Non-custodial Wallet Providers

Non-custodial wallet providers allow users to take custody of their private keys. Self-custody removes the counterparty risk involved in entrusting funds with a third party, which has once again proved to be critical in the wake of the collapse of FTX. But it also presents its own set of risks, such as private keys getting lost or stolen and hardware wallets getting damaged.

Wallets can be divided into two broad categories – hot wallets and cold wallets. While both hot and cold wallet solutions are available in custodial and non-custodial implementations, this report discusses them in the context of non-custodial implementations.

Hot Wallets

Hot wallets such as MetaMask, Trust Wallet, and Exodus allow users to take custody of their private keys through digital interfaces. These hot wallets are connected to the internet 24/7, which allows for quick access to funds for on-chain traders and exchanges processing customer transactions and withdrawals. This accessibility, however, comes at the cost of increased exposure to malicious actors. Hot wallets are vulnerable to attack techniques, including phishing attacks, clipboard malware, keyloggers, and man-in-the-middle attacks.

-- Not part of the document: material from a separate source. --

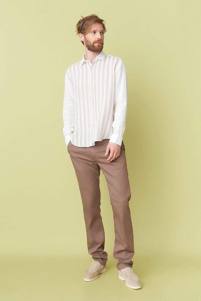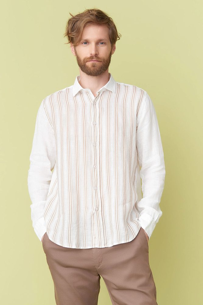 Выглядите элегантно и стильно в нашей новой мужской рубашке. Ткань, изготовленная из легкой смеси 70% хлопка и 30% льна, украшена тонкими вертикальными полосами разной толщины, придающими изделию современный вид, обеспечивает максимальный комфорт и воздухопроницаемость. Наслаждайтесь классическим итальянским воротником для изысканного образа, который обязательно привлечет внимание.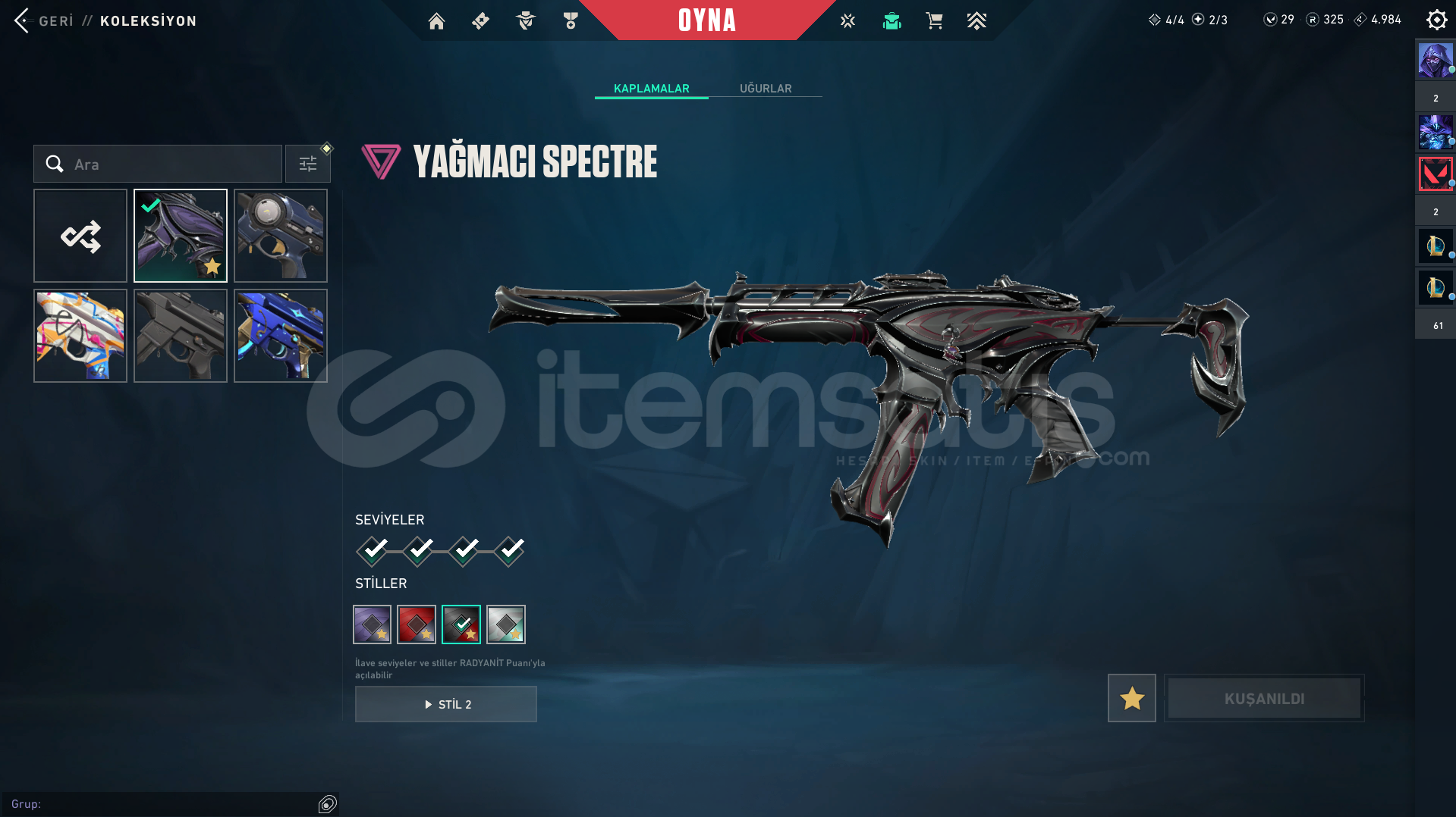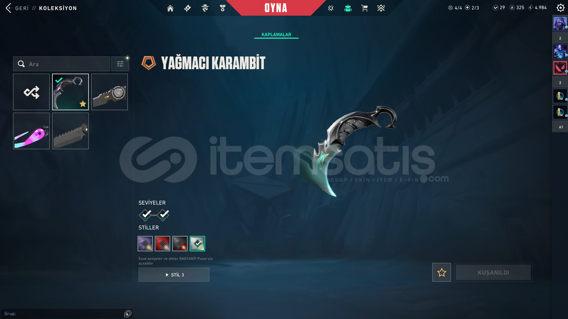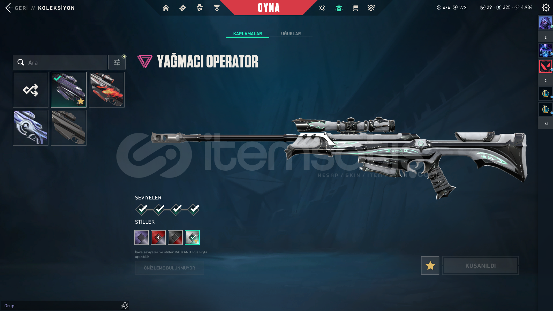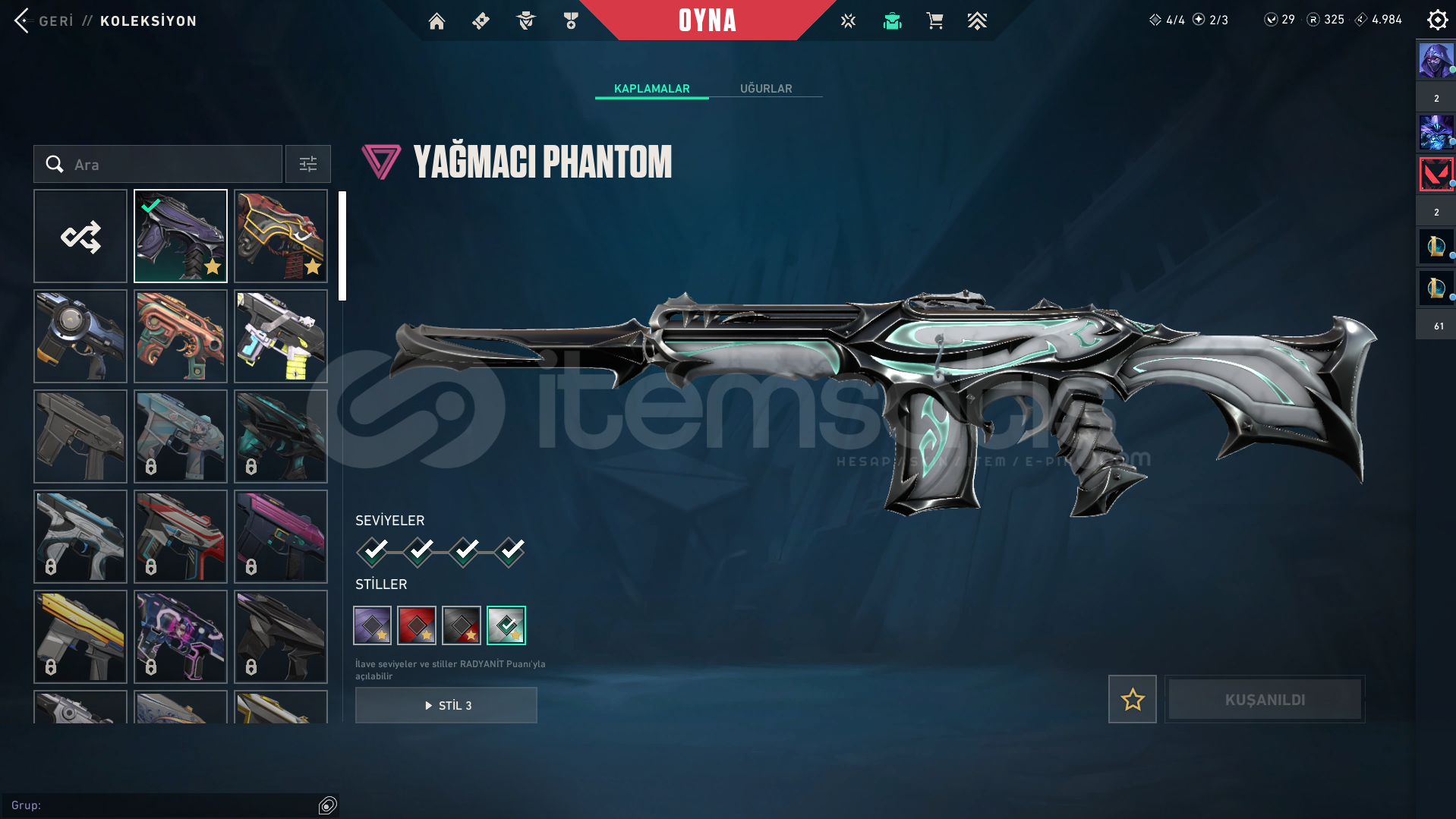 YAĞMACI OP,ODİN,SPECTRE,GHOST,PHANTOM VE YAĞMACI KARAMBİT BULUNMAKTADIR (TÜM SKİNLER FULLENMİŞTİR HER RENKLERİ AÇIK VE 4 LVL DİR.)

MetaMask, the most popular hot wallet, injects a global API called window.ethereum into web3 sites allowing users to access a set of Javascript functions to interact with the blockchain through a node. This allows websites to push transactions and messages to and from the user, read data from the blockchain that the wallet is connected to, and identify the user. This is critical for users to be able to interact with decentralized applications. Hot wallets also typically allow users to adjust gas limits, which enables them to prioritize their transactions for inclusion in a block in return for a higher transaction fee or to pay a lower gas fee for transactions that are not time sensitive.

Cold Wallets

Cold wallets, though they can be as primitive as private keys written on a physical sheet of paper, typically employ small hardware devices to store users' private keys offline. These cold wallets are generally more secure than hot wallets because they are only connected to the internet when they are in use. Even when connected to the internet, cold wallets typically sign transactions within their respective devices and broadcast that signature via the internet – meaning that the wallet's private keys are never exposed to the internet. Although cold wallets can still be subject to man- in-the-middle attacks, this makes them extremely difficult to compromise. This security advantage, however, translates to a disadvantage in terms of the speed of transaction execution.

Extra layers of security add more friction for executing transactions and are, thus, unsuitable for active trading strategies. For example, the slower execution flow typical of cold wallets may result in failed transactions on automated market makers (AMM) if the price moves outside the predetermined range before the transaction is picked up.

In addition to distinguishing between custodial and non-custodial as well as hot and cold wallets, Ethereum's Ethereum Virtual Machine (EVM) supports both externally-owned account (EOA)- based wallets and smart contract-based wallets.

EOA Based Wallets vs. Smart Contract Wallets

Ethereum Virtual Machine (EVM) compatible chains have two types of accounts - EOAs and smart contract accounts. EOAs are controlled by any user who holds private keys, whereas smart contract accounts are controlled by code. Smart contracts open up a new design space for wallets and can provide a more secure user experience than EOA-based wallets. Smart contract wallets allow native functionalities like social recovery, multisig security, multi-factor authentication, whitelisting contracts and addresses, bundled transactions, daily transaction limits, and emergency account freezing.